Using the records that follow, reproduce exactly the lines starting at the line containing "Das Masala auf" and ending at the line containing "En los recortes". Include both end lines and no pictures.

Dataset records
****************************************

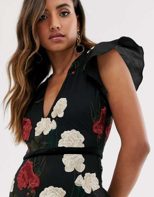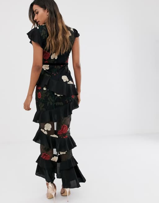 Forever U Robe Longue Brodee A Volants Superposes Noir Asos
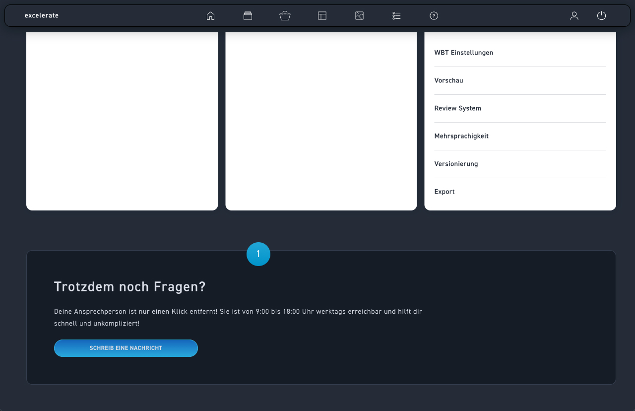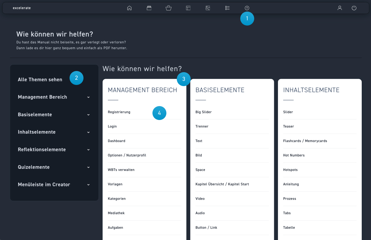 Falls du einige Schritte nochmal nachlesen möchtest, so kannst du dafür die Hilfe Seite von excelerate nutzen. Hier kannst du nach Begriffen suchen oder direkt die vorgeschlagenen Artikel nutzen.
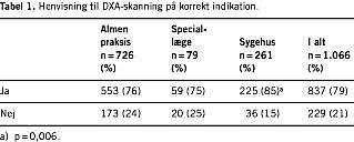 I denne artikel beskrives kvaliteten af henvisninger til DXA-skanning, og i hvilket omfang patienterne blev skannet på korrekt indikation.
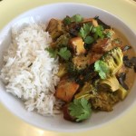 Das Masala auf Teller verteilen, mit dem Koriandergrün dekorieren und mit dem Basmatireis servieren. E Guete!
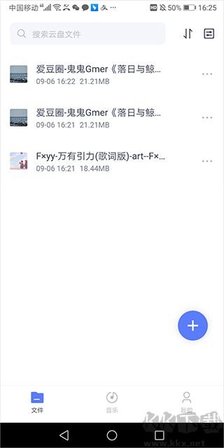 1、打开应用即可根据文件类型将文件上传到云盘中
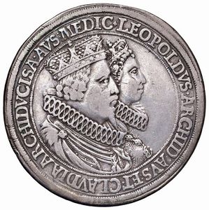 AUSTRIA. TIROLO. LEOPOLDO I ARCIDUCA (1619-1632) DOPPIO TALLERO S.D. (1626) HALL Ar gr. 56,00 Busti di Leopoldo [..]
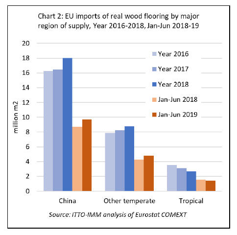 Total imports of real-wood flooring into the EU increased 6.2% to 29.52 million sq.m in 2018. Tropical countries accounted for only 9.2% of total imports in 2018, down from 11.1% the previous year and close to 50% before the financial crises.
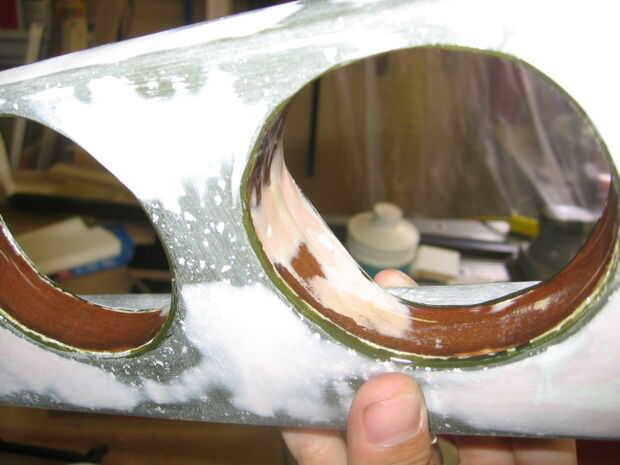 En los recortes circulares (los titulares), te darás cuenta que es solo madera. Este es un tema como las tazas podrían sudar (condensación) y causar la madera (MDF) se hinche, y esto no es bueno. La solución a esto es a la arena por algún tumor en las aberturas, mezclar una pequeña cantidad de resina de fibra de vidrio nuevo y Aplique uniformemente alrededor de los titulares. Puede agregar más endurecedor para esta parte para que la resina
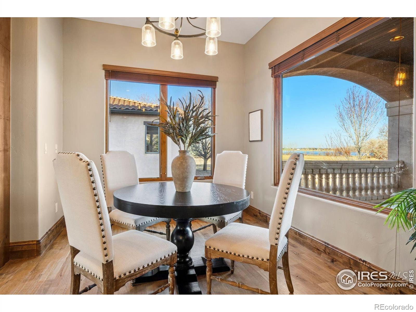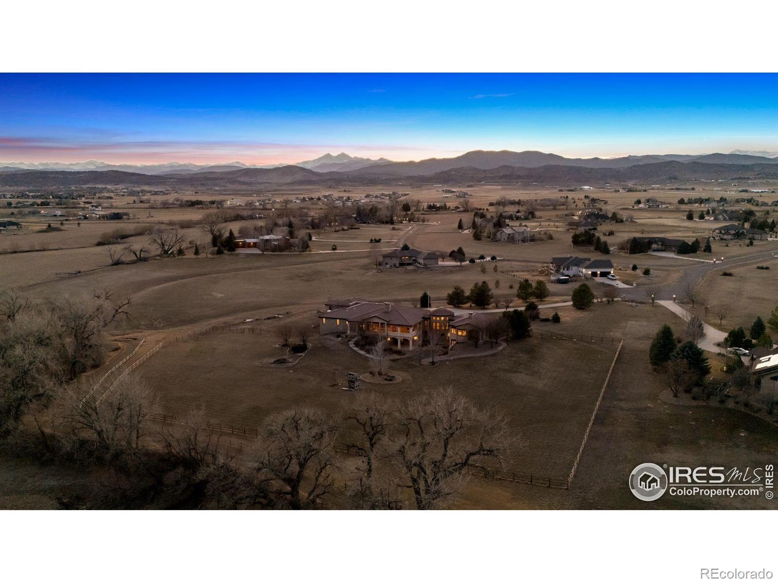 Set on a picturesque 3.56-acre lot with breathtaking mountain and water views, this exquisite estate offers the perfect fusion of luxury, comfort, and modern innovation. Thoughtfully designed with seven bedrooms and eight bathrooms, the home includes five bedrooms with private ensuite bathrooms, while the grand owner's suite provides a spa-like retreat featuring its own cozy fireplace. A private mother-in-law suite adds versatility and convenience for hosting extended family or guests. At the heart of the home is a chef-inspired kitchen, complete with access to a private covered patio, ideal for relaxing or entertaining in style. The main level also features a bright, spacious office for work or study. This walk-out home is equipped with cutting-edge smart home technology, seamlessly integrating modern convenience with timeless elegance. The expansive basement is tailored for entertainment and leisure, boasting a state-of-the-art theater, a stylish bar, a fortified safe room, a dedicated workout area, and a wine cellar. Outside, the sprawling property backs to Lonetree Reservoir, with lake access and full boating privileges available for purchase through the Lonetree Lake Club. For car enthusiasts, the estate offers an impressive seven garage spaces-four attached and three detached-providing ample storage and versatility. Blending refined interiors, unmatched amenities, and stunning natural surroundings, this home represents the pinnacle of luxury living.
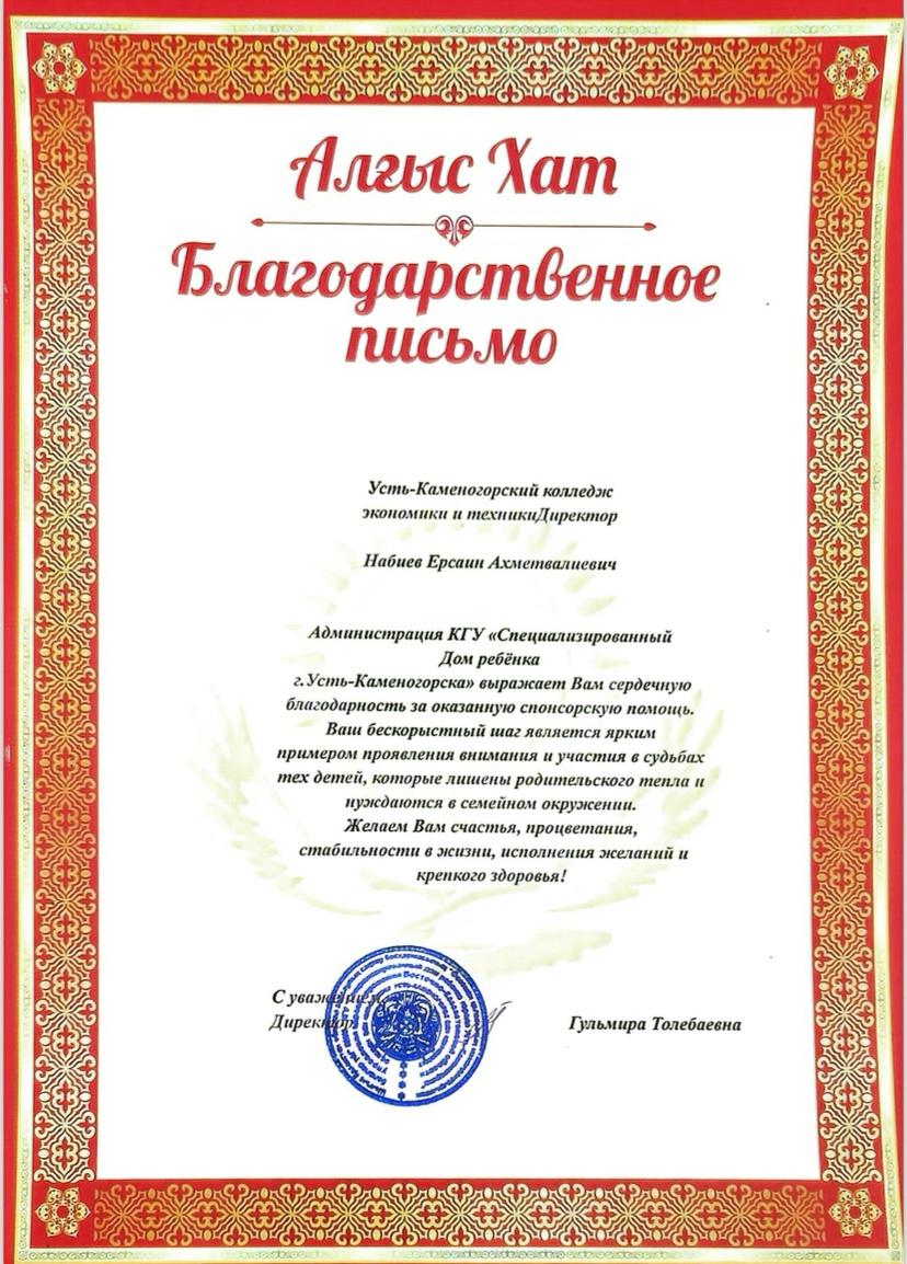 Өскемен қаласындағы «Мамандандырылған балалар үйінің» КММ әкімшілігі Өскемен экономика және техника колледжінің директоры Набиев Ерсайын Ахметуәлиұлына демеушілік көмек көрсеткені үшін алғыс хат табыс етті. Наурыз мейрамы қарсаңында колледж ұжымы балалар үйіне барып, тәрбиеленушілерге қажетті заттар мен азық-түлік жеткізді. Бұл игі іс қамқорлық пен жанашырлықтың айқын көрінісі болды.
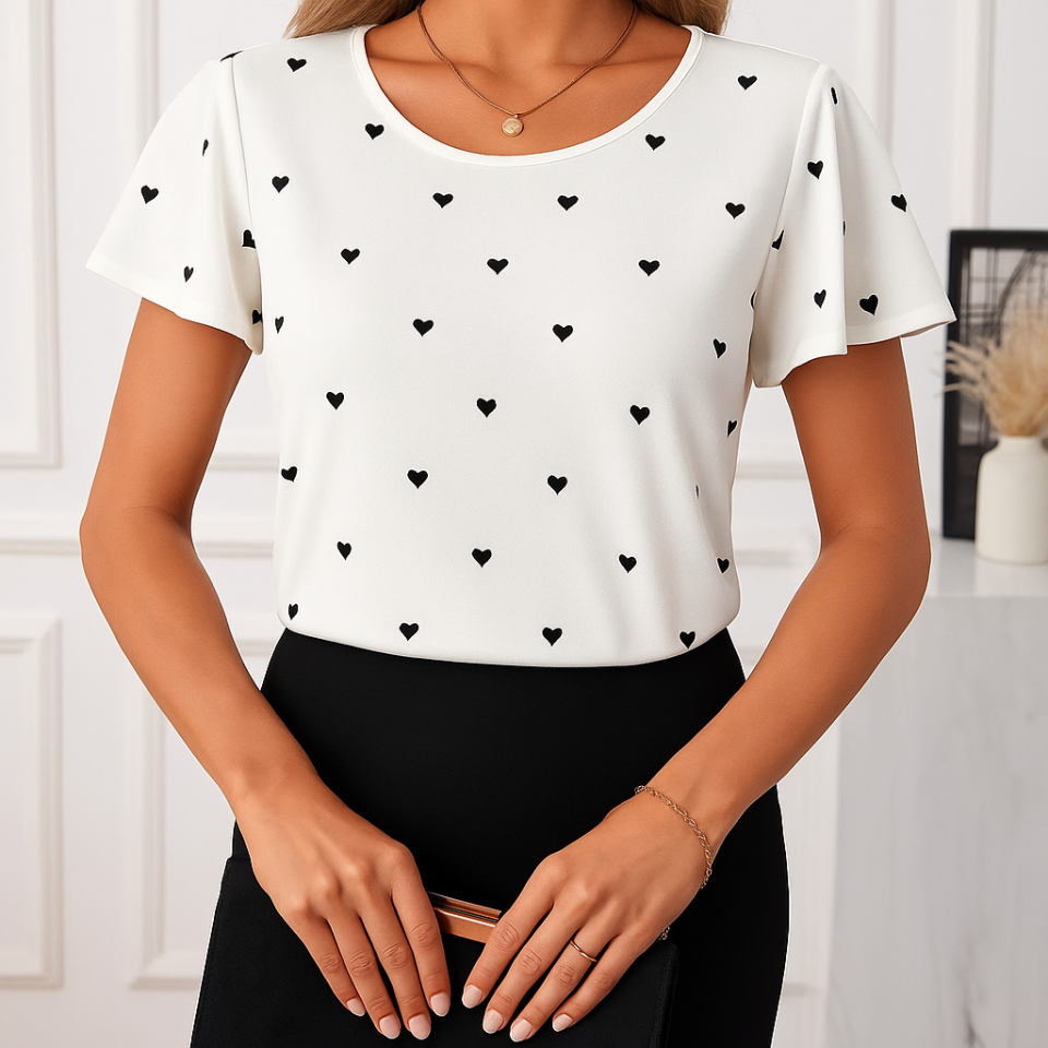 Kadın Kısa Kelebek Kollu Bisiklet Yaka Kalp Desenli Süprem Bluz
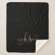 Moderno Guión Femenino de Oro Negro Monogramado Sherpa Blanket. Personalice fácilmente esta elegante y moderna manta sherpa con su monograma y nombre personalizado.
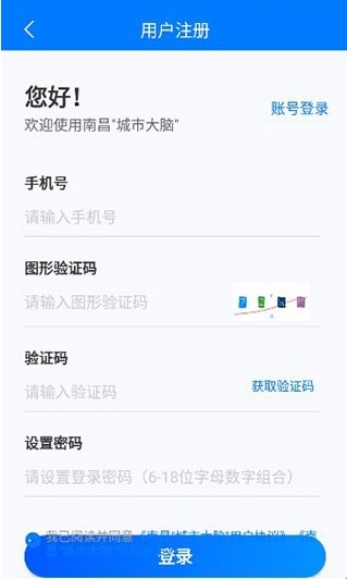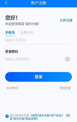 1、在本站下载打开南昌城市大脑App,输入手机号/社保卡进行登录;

****************************************

• Solution:
 Das Masala auf Teller verteilen, mit dem Koriandergrün dekorieren und mit dem Basmatireis servieren. E Guete!
 1、打开应用即可根据文件类型将文件上传到云盘中
 AUSTRIA. TIROLO. LEOPOLDO I ARCIDUCA (1619-1632) DOPPIO TALLERO S.D. (1626) HALL Ar gr. 56,00 Busti di Leopoldo [..]
 Total imports of real-wood flooring into the EU increased 6.2% to 29.52 million sq.m in 2018. Tropical countries accounted for only 9.2% of total imports in 2018, down from 11.1% the previous year and close to 50% before the financial crises.
 En los recortes circulares (los titulares), te darás cuenta que es solo madera. Este es un tema como las tazas podrían sudar (condensación) y causar la madera (MDF) se hinche, y esto no es bueno. La solución a esto es a la arena por algún tumor en las aberturas, mezclar una pequeña cantidad de resina de fibra de vidrio nuevo y Aplique uniformemente alrededor de los titulares. Puede agregar más endurecedor para esta parte para que la resina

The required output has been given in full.